In my practice of psychotherapy, I work with many people who are unhappy because secretly believing that they do not deserve to be happy, they sabotage their own chances for happiness. You make yourself worthy of living by making yourself competent to live. You can’t retain a sense of worthiness if you default on the responsibility of thought and reason. If you turn your back on reality and facts - if you are irresponsible toward truth, reason, reality and existence. This is the way you can undercut your competence to live. If you betray your integrity, if you betray your moral convictions, if you turn your back on your own standards, you undercut your sense of worthiness. You do so by evasion. By the refusal to see what you see and know what you know. You commit treason to your own correct or mistaken judgment, and you undermine your sense of competence.

The judgment passed on your mental behavior is typically experienced by you as an assessment of your essence. Behavior at this level of intimacy - internal mental behavior - is experienced by you typically as “who I am”. It is almost inseparable from your sense of self. It is easier to perceive external behavior as an expression of self that is not identical with self. But internal behavior, like choices and mental operations, are intrinsic to your experience of self. It is possible to dis-identify from self particular choices. For example, if you said, “I’m sorry I chose to be so irresponsible in that matter and I am determined to act differently in the future.” That would be a very good case of not identifying your particular choices with your essential self. And it’s very important when we’re thinking about the self, not to identify every particular choice, or decision, or reaction with our core self.

The self continually evolves, continually shapes itself, continually affects the way it is experienced by the continuing stream of choices and decisions we make in the course of living. That is why change and growth are possible. You don’t have to remain a prisoner or yesterday’s mistakes, or yesterday’s defaults on the responsibility of appropriate consciousness. Your choices do of course have psychological consequences. The way you chose to deal with reality, truth, facts, and your choice to honor or dishonor your own perceptions does register in your mind, for good or for bad, and either confirms and strengthens your self esteem, or undermines and weakens it.

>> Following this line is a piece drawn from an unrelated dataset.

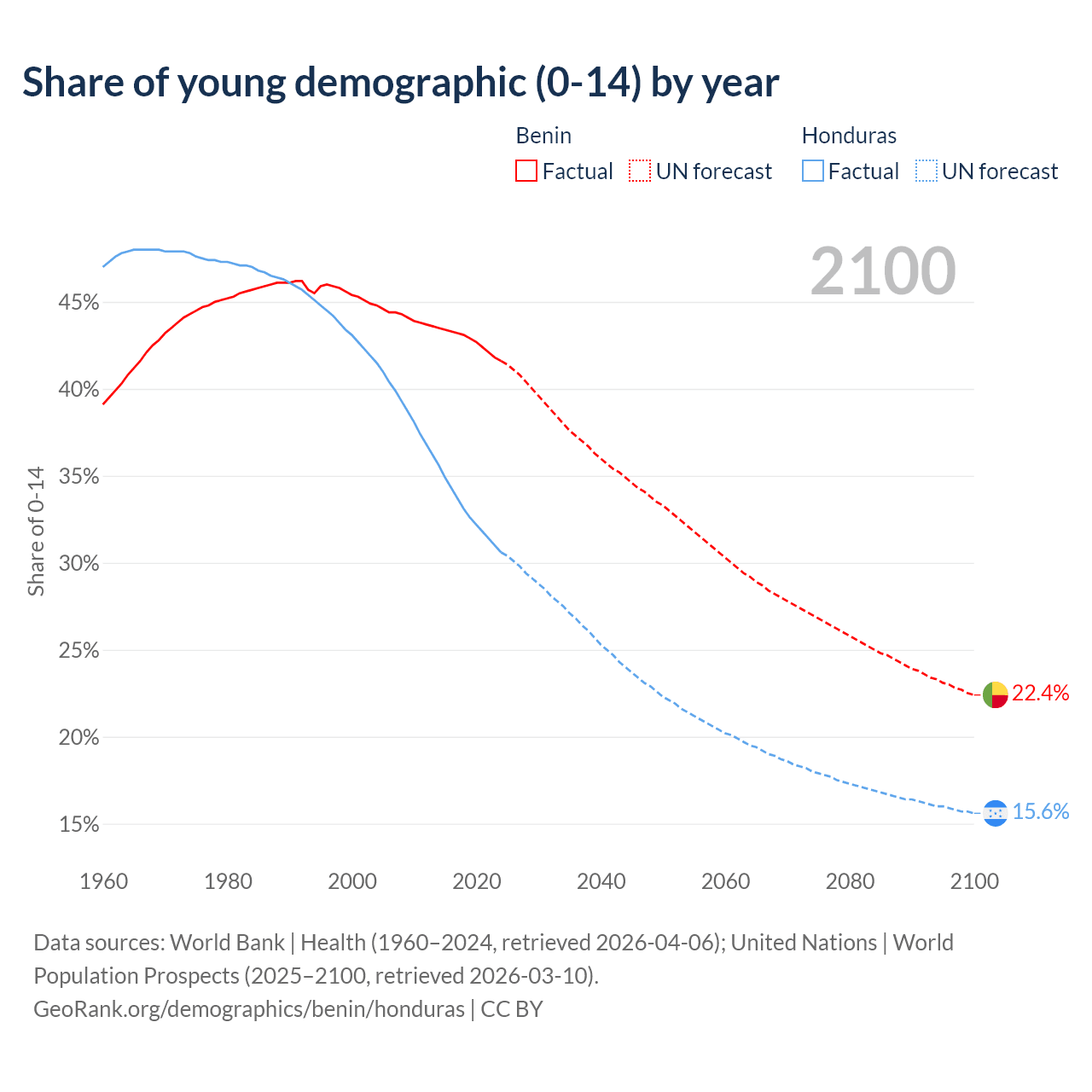 - The share of young demographic (0-15 years old) in Benin is 41.6% vs 30.6% in Honduras.

Self esteem is the reputation you acquire with yourself over time in consequence of your choices and decisions and actions. I hope it is apparent by now that the ‘self’ you are holding in esteem is your mind - your mind, and its characteristic manner of operation. I want to stress this, because ‘self’ is a term that acquires somewhat different meanings according to context. Sometimes, when you speak of ‘myself,’ you mean, ‘my person’, the totality of my being, including my body. In a psychological context, ‘self’ is used most often to mean the sum of those mental characteristics, abilities, processes, beliefs, values and attitudes that you may or may not consciously recognize as yours. Much of the territory of the self may be subconscious.

The Mind.

The concept of mind is narrower than that of consciousness. ‘Mind’ is associated specifically with the ability to represent and manipulate reality symbolically. To form and use concepts, to reason and to construct propositional [?] speech. ‘Mind’ is what distinguishes human consciousness from the forms of consciousness of lower animals.

SH - I don't agree with Branden about the "ego". I agree with Wayne Payne who says it is an unnecessary word and concept.

The Ego.

Ego, the Latin word for “I”, xx? is the unifying center of consciousness – the core of self awareness. Ego generates and sustains a sense of self and personal identity. Your ego is not your thoughts, but the thinker. Not your judgments, but the judge. Not your feelings, but that which recognizes feelings. It is the ultimate context within. The ultimate context in which all our narrower selves or sub-personalities exist. Self esteem might better have been termed “ego-esteem”.

xx - unfinished - Tape has a problem.